While nutritional support is important, some physicians initiate home PN without having first attempted an adequate trial of antiemetic medications. Some physicians are reluctant to utilize newer medications with less safety data but are willing to offer PN which has a known history of complications which can be life-threatening.

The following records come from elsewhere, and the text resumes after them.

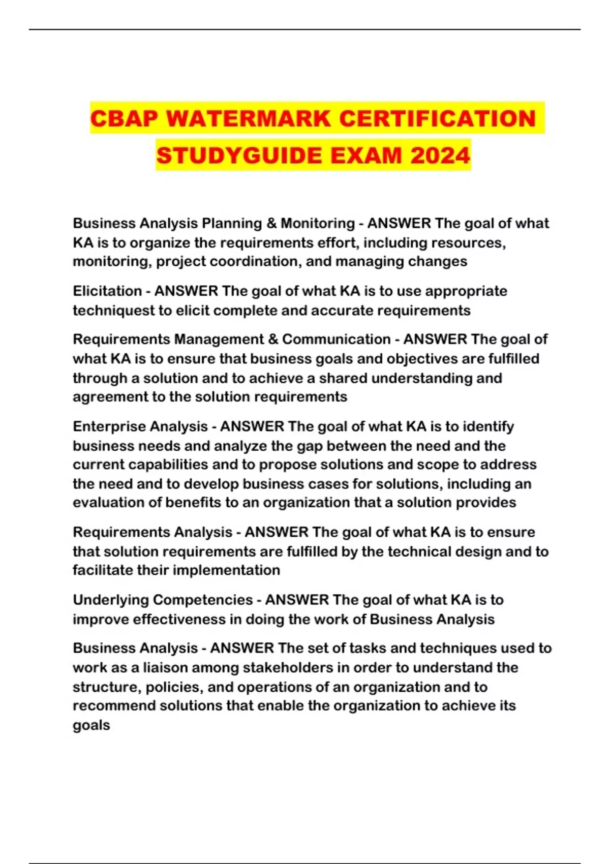 CBAP WATERMARK CERTIFICATION STUDYGUIDE EXAM 2024...
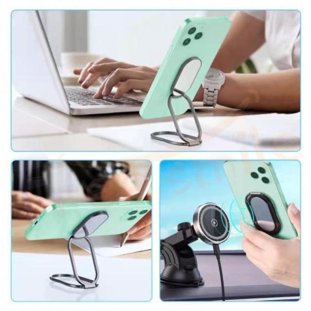 二つ折りのデザインのため、従来のスマホリングより角度調整の幅が格段に広がり、縦置き及び横置きのスマホスタンド機能としても利用できます。
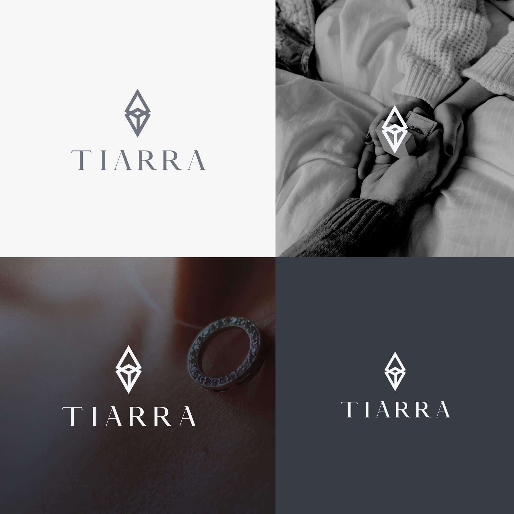 An elegant minimalist logo for a luxury jewelry brand. The geometric diamond mark reflects precision and refinement, applied consistently across light and dark backgrounds to create a timeless and sophisticated brand identity.

Increasingly, drugs from the serotonin antagonist class (e.g. ondansetron, granisetron) are used in higher doses which may eliminate the need for PN and even repeated IV's. Beginning these medications at the onset of symptoms and increasing the dose as needed, then gradually weaning them in later pregnancy is an effective practice for many. Combining with medications in other classes often is necessary, as is a daily bowel regimen for women on serotonin antagonists. With symptoms better controlled, a mother is less miserable and will likely recover faster. This results in a net savings as the cost for additional physician visits, treatment of complications, PN, and repeated hospital visits may be reduced.

Potential Complications

While nutritional therapy is needed for some patients, clinicians must be aware of the possible life-threatening complications of catheter insertion as well as metabolic and infectious complications. Encouraging oral intake simultaneously with PN can decrease gastrointestinal atrophy and help meet nutritional needs. Due to pregnancy, some complications are more likely to occur and more likely to have adverse outcomes. However, these risks are estimated to occur in only a small percentage of those receiving parenteral nutrition according to recommended guidelines and protocols. 

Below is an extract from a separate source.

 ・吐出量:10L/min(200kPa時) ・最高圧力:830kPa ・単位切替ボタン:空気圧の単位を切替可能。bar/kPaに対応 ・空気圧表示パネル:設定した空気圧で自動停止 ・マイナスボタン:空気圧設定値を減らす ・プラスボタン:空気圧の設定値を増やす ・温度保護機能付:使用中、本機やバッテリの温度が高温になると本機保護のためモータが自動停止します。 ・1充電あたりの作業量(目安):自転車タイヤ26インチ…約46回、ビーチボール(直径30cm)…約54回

Prevention of Complications

Complications during pregnacy can be life-threatening for the mother and her child, so careful mangement is even more critical.

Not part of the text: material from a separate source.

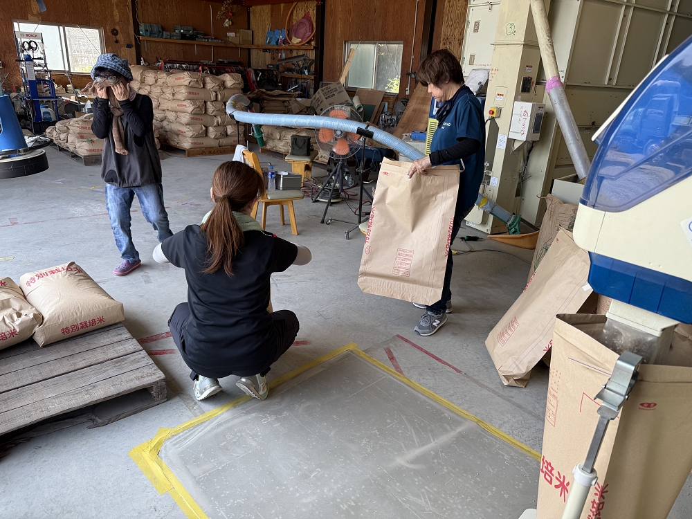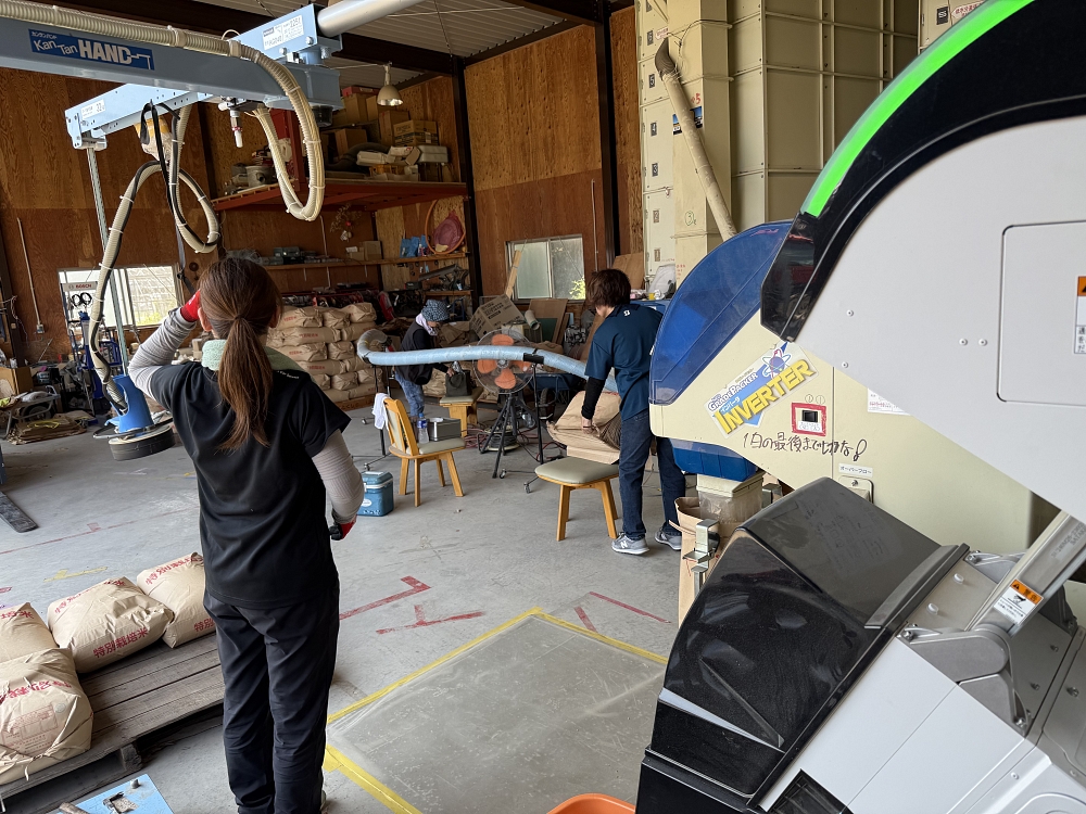籾摺りを農業女子が暑い中頑張って仕事しています

  • Careful placement and management by highly skilled clinicians.
  • Excellent training of home caregivers.
  • Proactive monitoring and prevention strategies.

PN should be offered to hyperemetic women when aggressive medical management has failed, and the patient is at risk for malnutrition. The benefits usually outweigh the risks and intervention is crucial before serious complications develop. 

Metabolic Complications

  • Hyperglycemia: Most common metabolic complication of parenteral nutrition. Related to rate of dextrose infusion, concentration, level of stress, etc. May cause hypertriglyceridemia which may cause pancreatitis. Close monitoring is important during pregnancy, esp. if using glucocorticoid therapy.
  • Hypoglycemia: Most commonly related to abrupt discontinuation of PN without tapering, especially with high dextrose concentrations.
  • Essential fatty acid deficiency: May result from parenteral nutrition regimen devoid intravenous fat administration. May occur in as little as 1-3 weeks, particularly in malnourished patients. Replacement is very important during pregnancy for mother and baby.
  • Electrolyte imbalance: Inadequate or excess administration of electrolytes in parenteral nutrition solutions. Losses due to vomiting should be accounted for.
  • Fluid volume disturbances: Volume deficit or volume overload (particularly important in patients with heart disease or kidney impairment, and during pregnancy to maintain uterine blood flow).
  • Acid/base imbalance: Solution design must take into account acid/base status of patient, i.e. chloride, acetate etc.
  • Liver complications: Such as steatosis, possibly due to excessive carbohydrate administration.
  • Refeeding syndrome: The metabolic cascade of events that takes place when a malnourished patient is refed. Hypophosphatemia, hypokalemia, hypomagnesemia, body-fluid disturbances, vitamin deficiencies such as thiamin, cardiac arrhythmias, and congestive heart failure may result.

Adapted from and other sources.

Mechanical Complications

  • Catheter related: Pneumothorax, vessel damage, thrombosis, occlusion, catheter breakage, infection, etc.
  • Infection: Fever, pain, redness at site.
  • Site related: Pain, inflammation, or redness, drainage.
  • Air embolism: A result of air being introduced into the catheter.
  • Delivery device related: Most commonly device failure.
  • Septic complications: Patients with indwelling access devices and a compromised immune system are at high risk for catheter related sepsis.